There is absolutely no doubt that this is why the political class is so desperate to turn our attention to Europe and immigrants, and why Labour is prepared – this still floors me, although it shouldn’t – to fanny around with fascism and to talk about controls instead of leading any global charge for equality. It is perfectly clear such a line is thought more expedient than taking responsibility for the fact that we’ve reached a point where a few people have everything and most other people have stuff all. We can add to this perverse picture the fact that the people who are trying to tell us how things should be are in no position to. I mean – we’re hardly going to have a balanced dialogue about distribution while people like Yvette Cooper are involved in it (I’ve just read her latest watery “article” on immigration, which is why I’m thinking about her. I usually try not to). Let’s face it. People like Cooper are not well-placed to join the rest of us in pointing the finger at MPs who milk expenses, to take an example. Which is a pity, because a lot of people are still very upset about things like MPs’ expenses. Very upset indeed, as you’ll see from the quotes below. I am not much of a strategist, but even I can see why someone like Cooper would find it much easier, and much less compromising, to rattle on about controlling immigration instead of addressing the monumental equalities crisis in which she and other politicians are implicated.

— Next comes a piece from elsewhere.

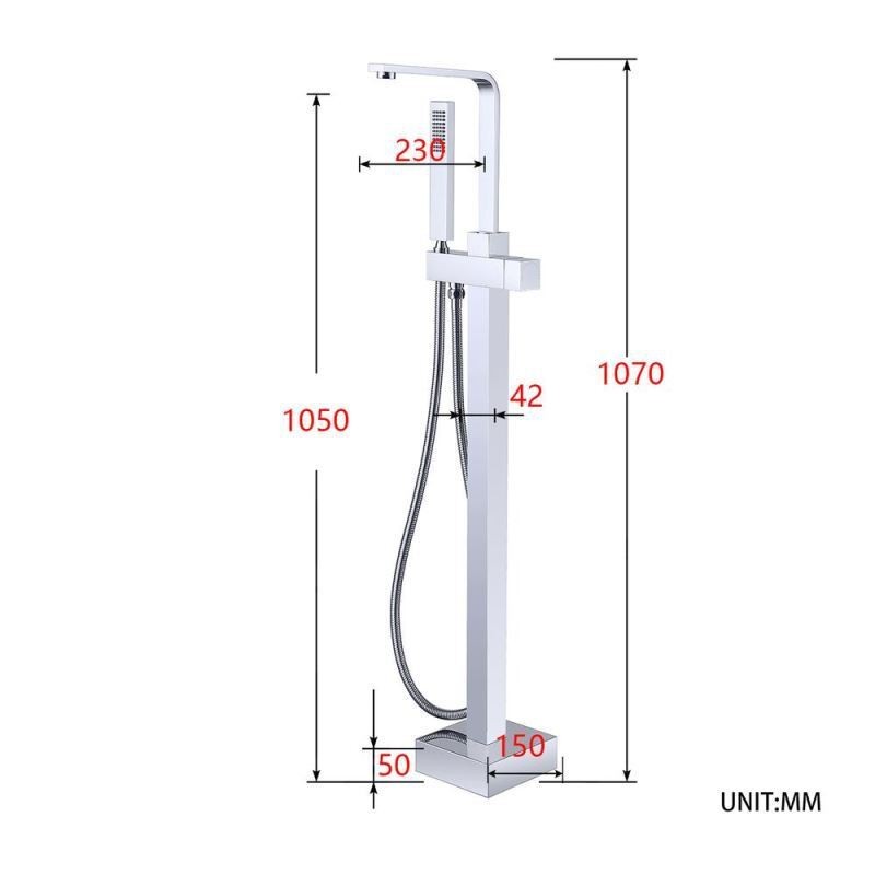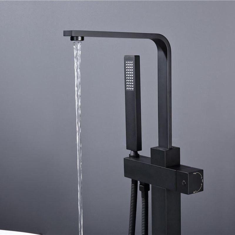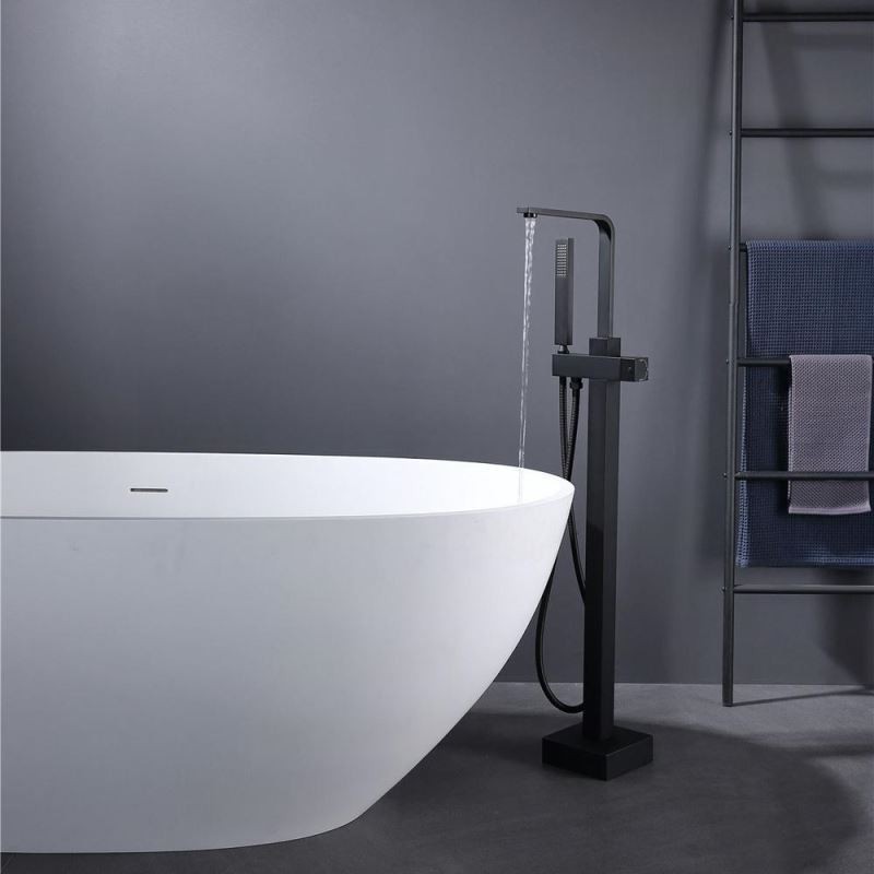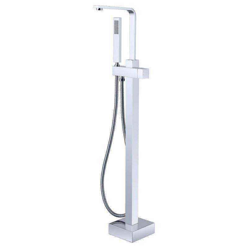 Floor Mount Brass Freestanding Bathtub Filler Tap with Hand Shower

This is the sort of thing that people say to me a lot – I’ve pulled out some quotes from my articles from the past few years:

People like us are screwed to the ground. They’ve legalised bullying. They wear suits….They’re getting away with it. It’s the fucking bankers that ought to be done for it….They’re pointing the fingers in the wrong direction.”

The government don’t give a shit about the people. Just their friends. They’re given massive tax breaks and they’ll never spend it if they live for another 100 lifetimes. You got people at the other end who can’t even afford to put their heating on and buy some food. They’ve got to be the biggest bastards ever on the planet. They’re not kings. They don’t look after their people.”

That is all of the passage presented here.